### TASK
Copy exactly the lines of the records below, and only those lines, beginning with the line that contains "Алгоритм реализации KPI-технологии" and ending with the line that contains "ветврач Самуэль Старленд.".

### RECORDS FOR THE TASK
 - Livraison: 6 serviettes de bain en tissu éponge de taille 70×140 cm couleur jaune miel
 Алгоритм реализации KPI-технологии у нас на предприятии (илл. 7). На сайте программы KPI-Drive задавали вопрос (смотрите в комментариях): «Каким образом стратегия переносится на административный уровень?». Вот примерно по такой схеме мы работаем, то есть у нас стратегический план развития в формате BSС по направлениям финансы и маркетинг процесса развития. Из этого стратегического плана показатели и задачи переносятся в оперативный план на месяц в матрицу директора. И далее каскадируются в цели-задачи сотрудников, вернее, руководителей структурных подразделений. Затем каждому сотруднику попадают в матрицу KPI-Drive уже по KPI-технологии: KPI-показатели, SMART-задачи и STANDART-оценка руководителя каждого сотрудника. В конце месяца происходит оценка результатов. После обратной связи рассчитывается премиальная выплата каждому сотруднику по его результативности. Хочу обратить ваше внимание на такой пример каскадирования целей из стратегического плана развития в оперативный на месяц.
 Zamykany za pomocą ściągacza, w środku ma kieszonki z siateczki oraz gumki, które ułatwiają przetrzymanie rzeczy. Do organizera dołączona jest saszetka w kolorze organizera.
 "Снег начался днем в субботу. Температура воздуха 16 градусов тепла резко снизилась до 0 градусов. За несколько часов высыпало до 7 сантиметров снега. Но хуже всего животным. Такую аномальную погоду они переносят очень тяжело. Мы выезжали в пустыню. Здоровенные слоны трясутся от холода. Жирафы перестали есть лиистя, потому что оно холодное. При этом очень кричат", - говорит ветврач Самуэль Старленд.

---

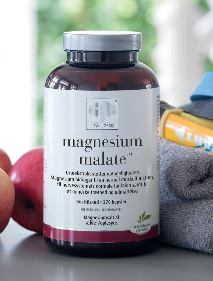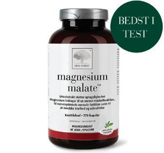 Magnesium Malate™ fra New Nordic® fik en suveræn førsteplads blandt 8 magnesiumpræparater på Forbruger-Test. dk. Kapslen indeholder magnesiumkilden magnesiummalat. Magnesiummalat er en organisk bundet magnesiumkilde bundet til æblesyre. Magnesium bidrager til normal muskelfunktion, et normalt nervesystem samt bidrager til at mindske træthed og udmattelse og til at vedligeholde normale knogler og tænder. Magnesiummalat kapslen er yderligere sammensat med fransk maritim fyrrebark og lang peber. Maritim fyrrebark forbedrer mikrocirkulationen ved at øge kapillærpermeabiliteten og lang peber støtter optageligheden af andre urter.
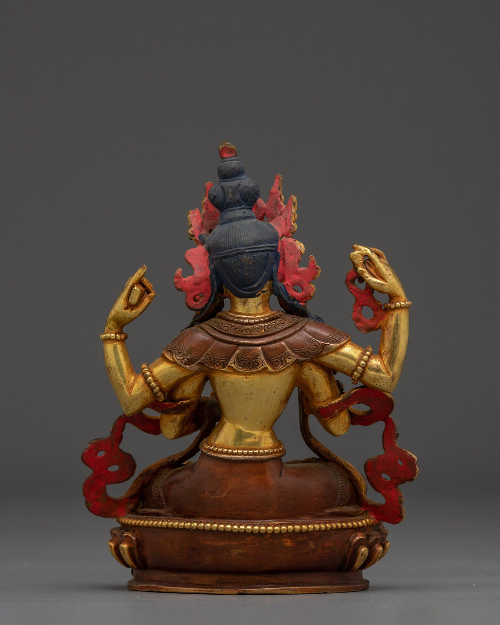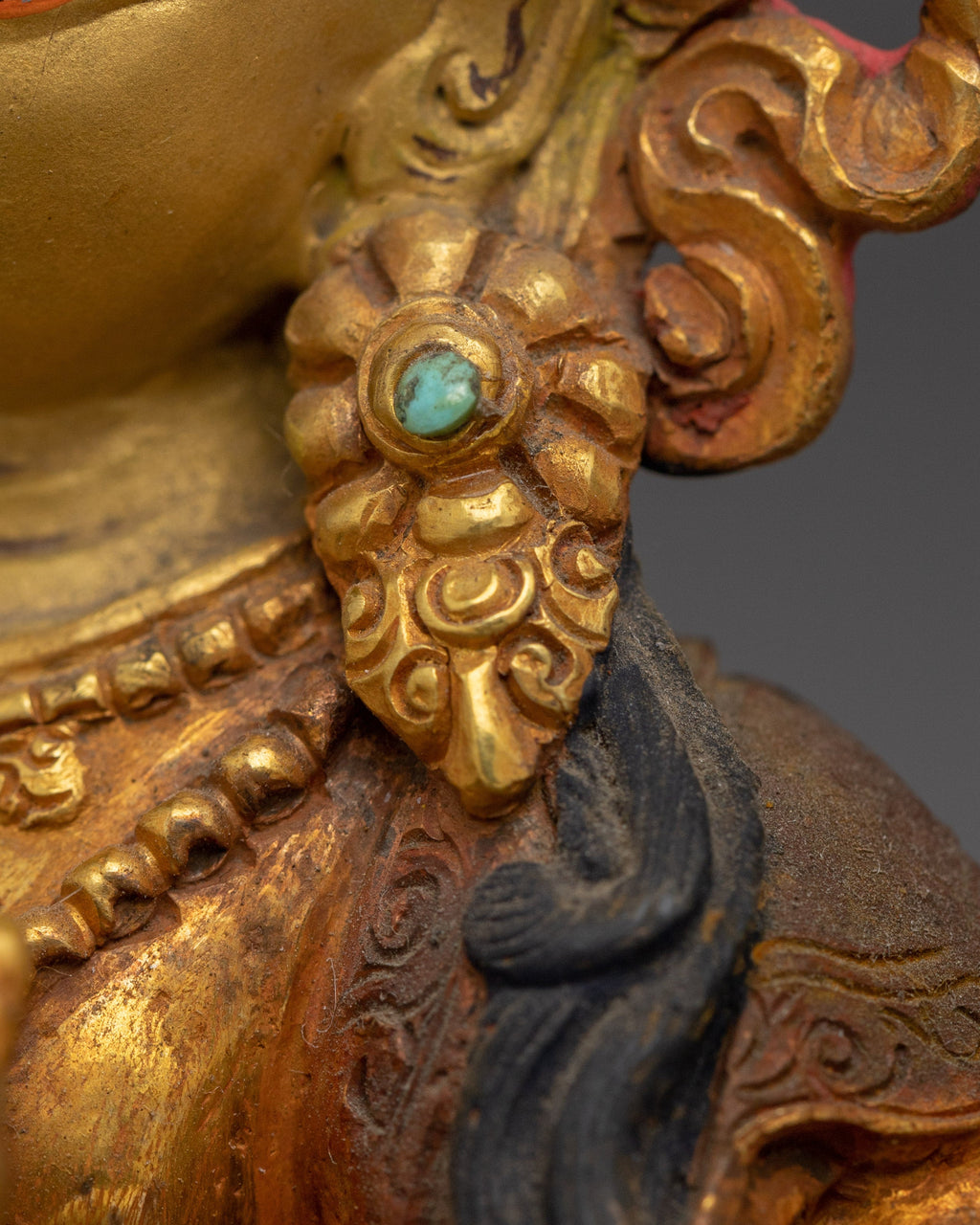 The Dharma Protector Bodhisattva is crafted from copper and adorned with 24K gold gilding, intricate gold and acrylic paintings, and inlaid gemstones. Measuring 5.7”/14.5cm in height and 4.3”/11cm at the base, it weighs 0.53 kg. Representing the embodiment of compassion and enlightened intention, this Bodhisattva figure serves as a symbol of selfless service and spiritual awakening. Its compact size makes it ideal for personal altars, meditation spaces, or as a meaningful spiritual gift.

* * *

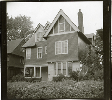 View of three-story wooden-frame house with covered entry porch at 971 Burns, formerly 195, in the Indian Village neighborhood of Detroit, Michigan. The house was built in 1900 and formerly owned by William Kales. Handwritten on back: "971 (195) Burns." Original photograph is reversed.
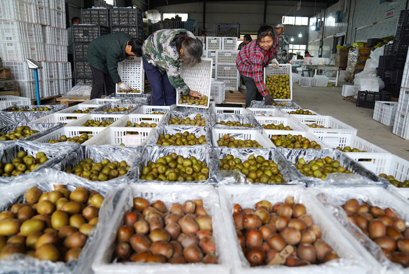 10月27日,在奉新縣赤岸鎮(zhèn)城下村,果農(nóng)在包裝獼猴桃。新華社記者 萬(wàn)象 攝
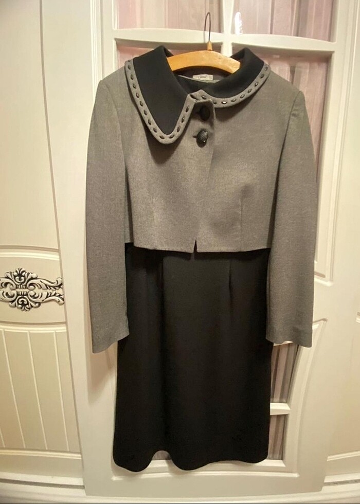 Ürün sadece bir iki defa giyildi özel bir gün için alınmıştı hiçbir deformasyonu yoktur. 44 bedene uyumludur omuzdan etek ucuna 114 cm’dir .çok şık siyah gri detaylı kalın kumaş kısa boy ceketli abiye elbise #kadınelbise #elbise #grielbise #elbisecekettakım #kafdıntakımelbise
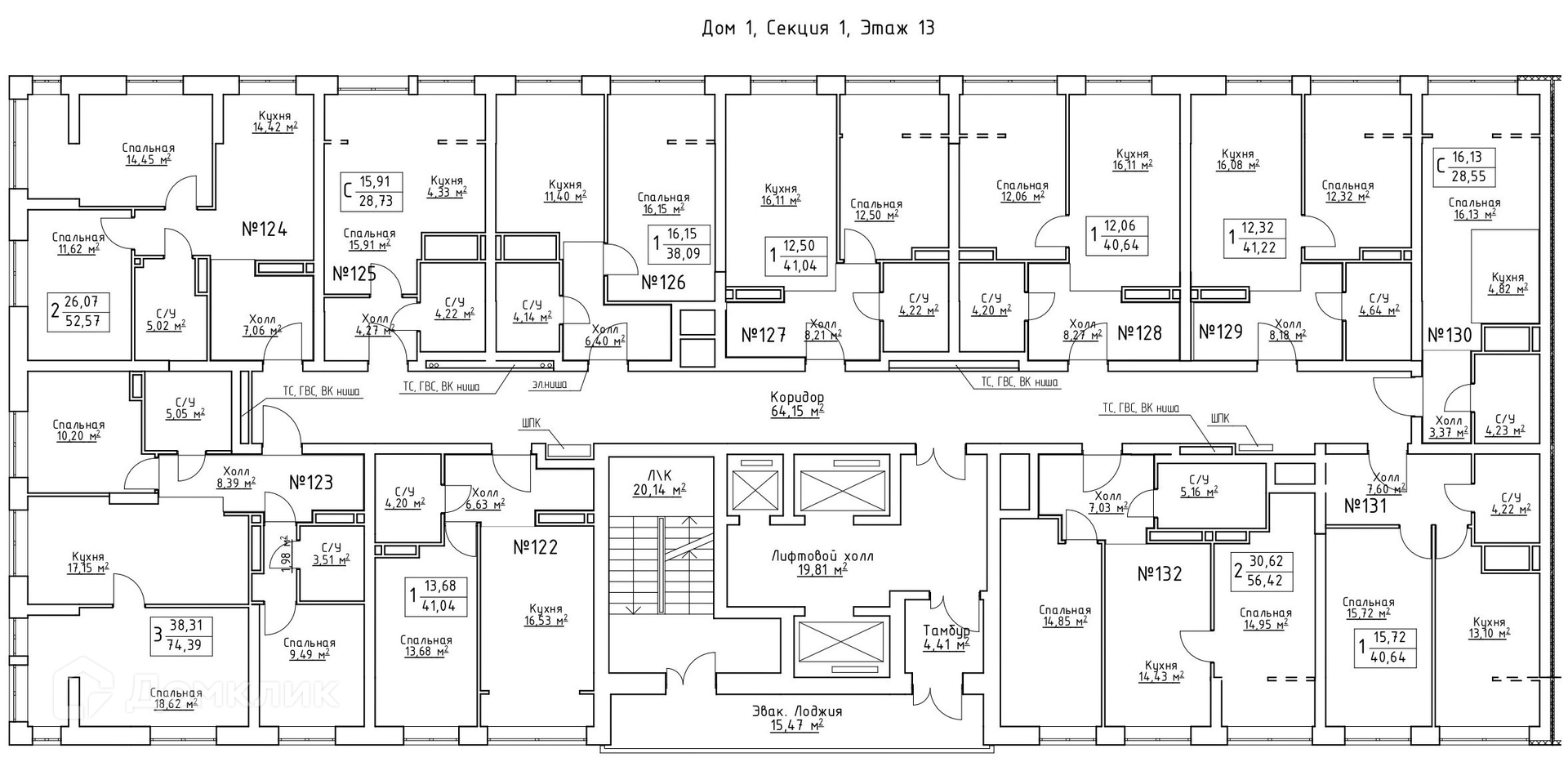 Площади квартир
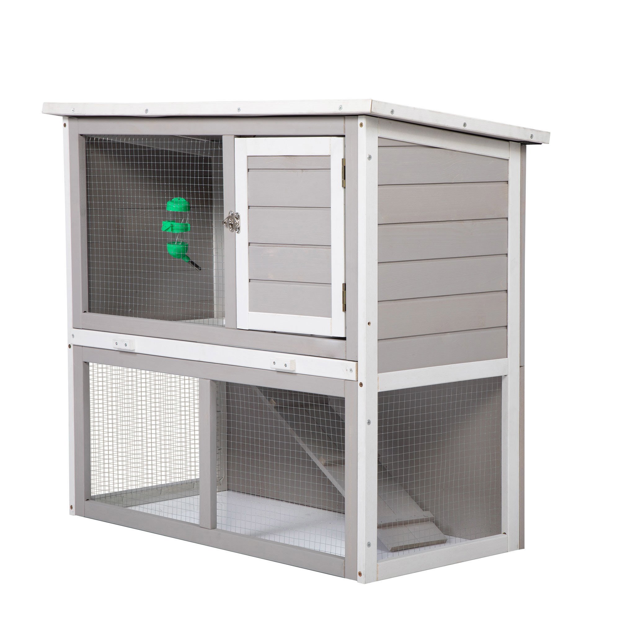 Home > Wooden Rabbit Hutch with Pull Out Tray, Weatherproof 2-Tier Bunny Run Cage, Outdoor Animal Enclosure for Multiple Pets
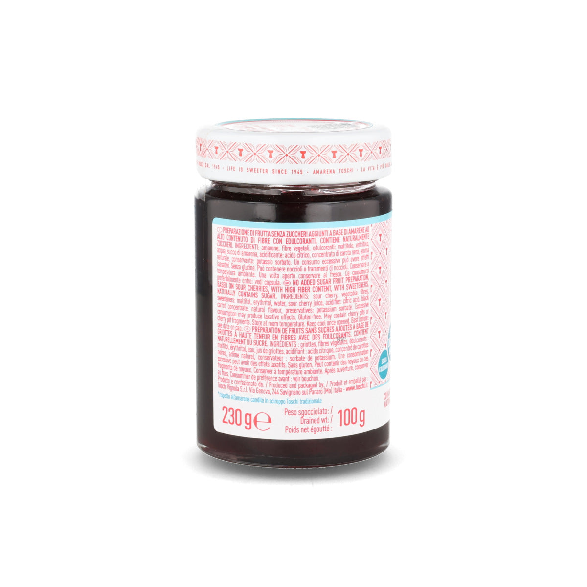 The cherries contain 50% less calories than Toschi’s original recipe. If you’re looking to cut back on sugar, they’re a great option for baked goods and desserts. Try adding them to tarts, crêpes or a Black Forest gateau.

### SOLUTION BELOW
 Алгоритм реализации KPI-технологии у нас на предприятии (илл. 7). На сайте программы KPI-Drive задавали вопрос (смотрите в комментариях): «Каким образом стратегия переносится на административный уровень?». Вот примерно по такой схеме мы работаем, то есть у нас стратегический план развития в формате BSС по направлениям финансы и маркетинг процесса развития. Из этого стратегического плана показатели и задачи переносятся в оперативный план на месяц в матрицу директора. И далее каскадируются в цели-задачи сотрудников, вернее, руководителей структурных подразделений. Затем каждому сотруднику попадают в матрицу KPI-Drive уже по KPI-технологии: KPI-показатели, SMART-задачи и STANDART-оценка руководителя каждого сотрудника. В конце месяца происходит оценка результатов. После обратной связи рассчитывается премиальная выплата каждому сотруднику по его результативности. Хочу обратить ваше внимание на такой пример каскадирования целей из стратегического плана развития в оперативный на месяц.
 Zamykany za pomocą ściągacza, w środku ma kieszonki z siateczki oraz gumki, które ułatwiają przetrzymanie rzeczy. Do organizera dołączona jest saszetka w kolorze organizera.
 "Снег начался днем в субботу. Температура воздуха 16 градусов тепла резко снизилась до 0 градусов. За несколько часов высыпало до 7 сантиметров снега. Но хуже всего животным. Такую аномальную погоду они переносят очень тяжело. Мы выезжали в пустыню. Здоровенные слоны трясутся от холода. Жирафы перестали есть лиистя, потому что оно холодное. При этом очень кричат", - говорит ветврач Самуэль Старленд.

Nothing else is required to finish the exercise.